▶ [Exercise description]
Pictures do not belong in the copy; print every entry exactly as it stands.

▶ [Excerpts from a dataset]
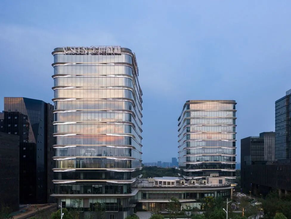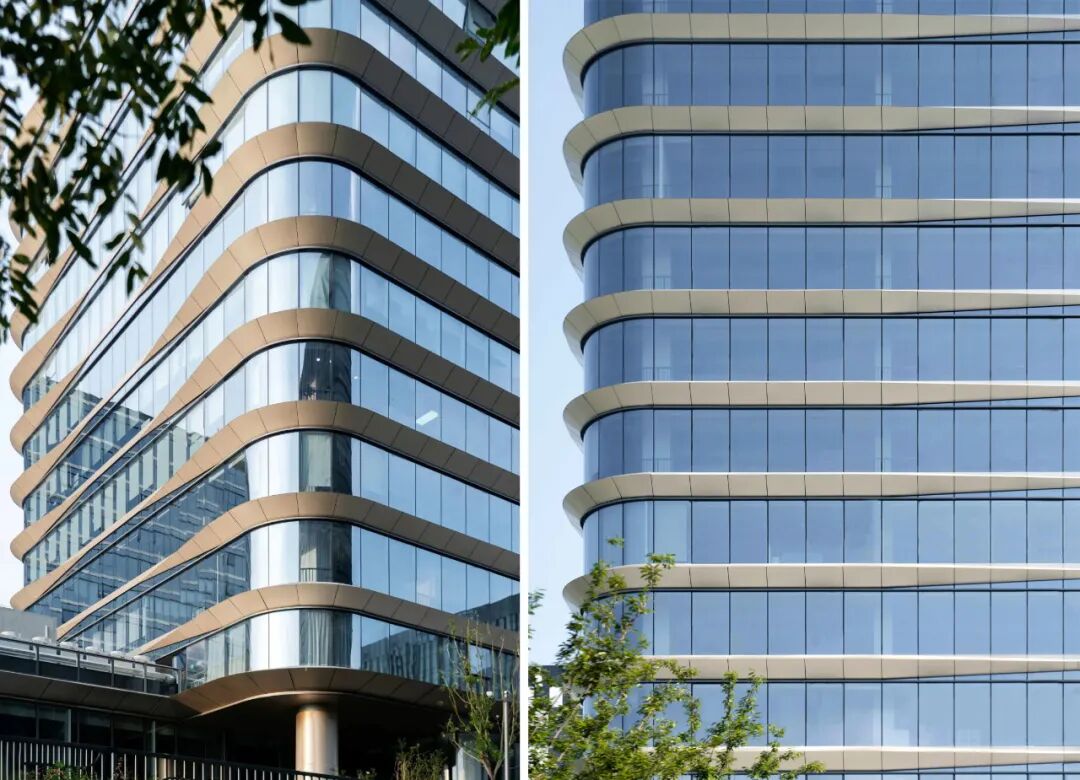 南京金地威新•雨花创新中心 ©摄影:行知影像成都麓湖云龙阁,每层均有数十种不同半径的曲面玻璃以及数十个不同曲率的曲线从不同角度仰观建筑,所呈现的建筑形态都各不相同,涟漪般的建筑造型使建筑仿佛时刻深处流动之中。
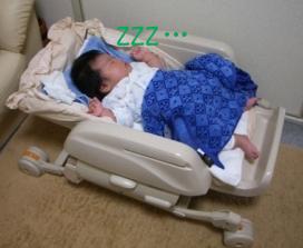 出産前にまりもの友人のKより、A型ベビーカー・チャイルドシート・そして・・・今となっては、魔法のイスその他、ベビー服などを頂きました他の方々からも色々と譲って頂いたり、借りたりして、お陰さまで大きな出費をすることなく今にいたってます。ご協力いただいた方々ありがとうございますm(_ _"m)ペコリそして、その中で我が家でビッグヒット商品になったのがこの魔法のイスです正式名称は知りませんが、このイス左右に揺れるイスで、上下に高さも替えれてリクライニングもできる代物で、ま、ベビー用品ではよく目にするものなんですが、実際にこんなに重宝するとは思いもしませんでしたというのも、はじめは揺らさずにちょっとしたときに寝かせる程度の利用だったので幅が狭いせいで腕が両壁にあたって寝かせてもすぐ泣くのであまり使ってなかったのですが、最近になって揺らしてみたら、泣いてたマリオがス~ット泣き止むではありませんかはじめは偶然?と思ったのですが、違うんです、よっぽどの機嫌が悪いとき意外はこの魔法のイスですんなり寝てくれるんです非常に重いマリオを抱っこする機会がぐっと減りかなり楽になりました。それ以来、旦那とこのイスを魔法のイスと命名しました。二人でしみじみ「Kはホント良いものくれたよな~~」と話しています。今もまりもの隣でスヤスヤ寝てくれてます。ご協力お願いします。↓HOMEへ
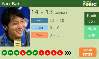 The Chinese has a 14-13 win-loss record in 2019, 11-10 on hard (See FULL STATS).
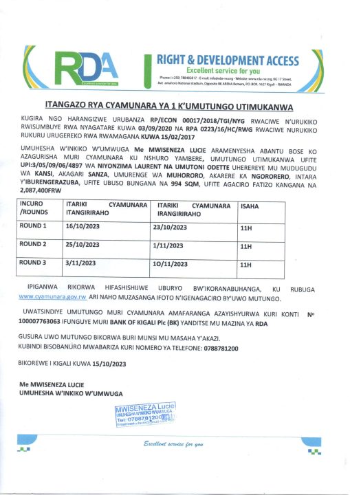 Ngororero: Cyamunara y’umutungo utimukanwa ubaruye kuri UPI: 3/05/09/06/4897; mu murenge wa Muhororo, Akagari ka Sanza, Umudugudu wa Kansi
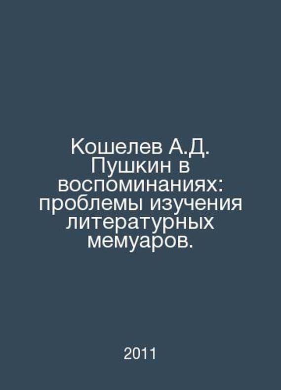 Koshelev A.D. Pushkin in Memories: The Problems of Studying Literary Memoirs. In Russian /Koshelev A.D. Pushkin v vospominaniyakh: problemy izucheniya literaturnykh memuarov. Veliky Novgorod State University 2011. Contact us for details or to request photos of available books. Delivery of this book could take longer than normal due to additional handling time before shipping, and no rush delivery options are available. Please let us know if you have a specific date by which you need to receive your order. SKUalb06dd7403f17132dd
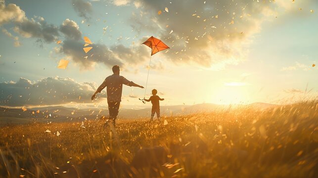 Child and father flying a kite, open field, backlit, high angle, vibrant, dynamic movement , stock photography style
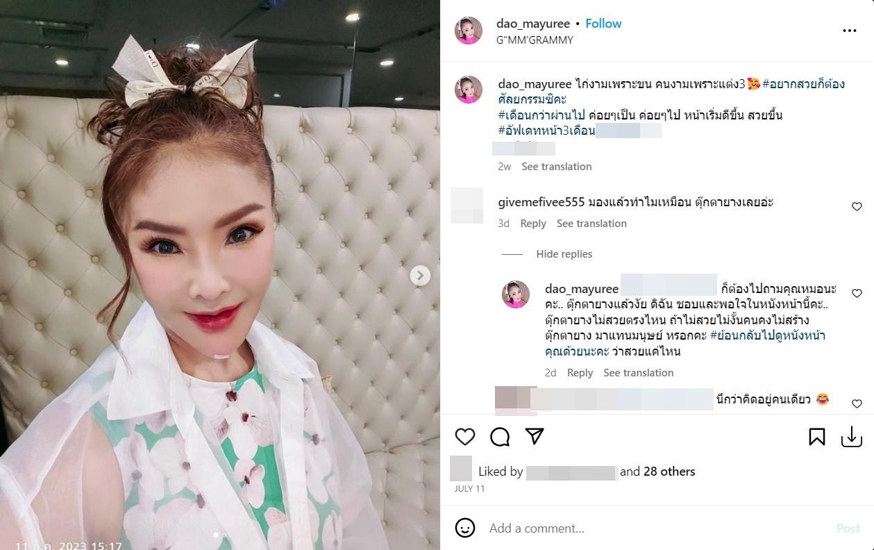 กลายเป็นประเด็นที่ทำเอานักร้องลูกทุ่งสาว ดาว มยุรี ทนไม่ไหว ต้องโต้กลับไปแบบจุกๆ เมื่อเจ้าตัวโพสต์ภาพตัวเองหลังไปศัลยกรรมและแต่งหน้าจนสวยฉ่ำ พร้อมทั้งเขียนแคปชั่นว่า “ไก่งามเพราะขน คนงามเพราะแต่ง #อยากสวยก็ต้องศัลยกรรมซิคะ เดือนกว่าผ่านไปค่อยเป็นค่อยไป หน้าเริ่มดีสวยขึ้น”

▶ [Response box]
 南京金地威新•雨花创新中心 ©摄影:行知影像成都麓湖云龙阁,每层均有数十种不同半径的曲面玻璃以及数十个不同曲率的曲线从不同角度仰观建筑,所呈现的建筑形态都各不相同,涟漪般的建筑造型使建筑仿佛时刻深处流动之中。
 出産前にまりもの友人のKより、A型ベビーカー・チャイルドシート・そして・・・今となっては、魔法のイスその他、ベビー服などを頂きました他の方々からも色々と譲って頂いたり、借りたりして、お陰さまで大きな出費をすることなく今にいたってます。ご協力いただいた方々ありがとうございますm(_ _"m)ペコリそして、その中で我が家でビッグヒット商品になったのがこの魔法のイスです正式名称は知りませんが、このイス左右に揺れるイスで、上下に高さも替えれてリクライニングもできる代物で、ま、ベビー用品ではよく目にするものなんですが、実際にこんなに重宝するとは思いもしませんでしたというのも、はじめは揺らさずにちょっとしたときに寝かせる程度の利用だったので幅が狭いせいで腕が両壁にあたって寝かせてもすぐ泣くのであまり使ってなかったのですが、最近になって揺らしてみたら、泣いてたマリオがス~ット泣き止むではありませんかはじめは偶然?と思ったのですが、違うんです、よっぽどの機嫌が悪いとき意外はこの魔法のイスですんなり寝てくれるんです非常に重いマリオを抱っこする機会がぐっと減りかなり楽になりました。それ以来、旦那とこのイスを魔法のイスと命名しました。二人でしみじみ「Kはホント良いものくれたよな~~」と話しています。今もまりもの隣でスヤスヤ寝てくれてます。ご協力お願いします。↓HOMEへ
 The Chinese has a 14-13 win-loss record in 2019, 11-10 on hard (See FULL STATS).
 Ngororero: Cyamunara y’umutungo utimukanwa ubaruye kuri UPI: 3/05/09/06/4897; mu murenge wa Muhororo, Akagari ka Sanza, Umudugudu wa Kansi
 Koshelev A.D. Pushkin in Memories: The Problems of Studying Literary Memoirs. In Russian /Koshelev A.D. Pushkin v vospominaniyakh: problemy izucheniya literaturnykh memuarov. Veliky Novgorod State University 2011. Contact us for details or to request photos of available books. Delivery of this book could take longer than normal due to additional handling time before shipping, and no rush delivery options are available. Please let us know if you have a specific date by which you need to receive your order. SKUalb06dd7403f17132dd
 Child and father flying a kite, open field, backlit, high angle, vibrant, dynamic movement , stock photography style
 กลายเป็นประเด็นที่ทำเอานักร้องลูกทุ่งสาว ดาว มยุรี ทนไม่ไหว ต้องโต้กลับไปแบบจุกๆ เมื่อเจ้าตัวโพสต์ภาพตัวเองหลังไปศัลยกรรมและแต่งหน้าจนสวยฉ่ำ พร้อมทั้งเขียนแคปชั่นว่า “ไก่งามเพราะขน คนงามเพราะแต่ง #อยากสวยก็ต้องศัลยกรรมซิคะ เดือนกว่าผ่านไปค่อยเป็นค่อยไป หน้าเริ่มดีสวยขึ้น”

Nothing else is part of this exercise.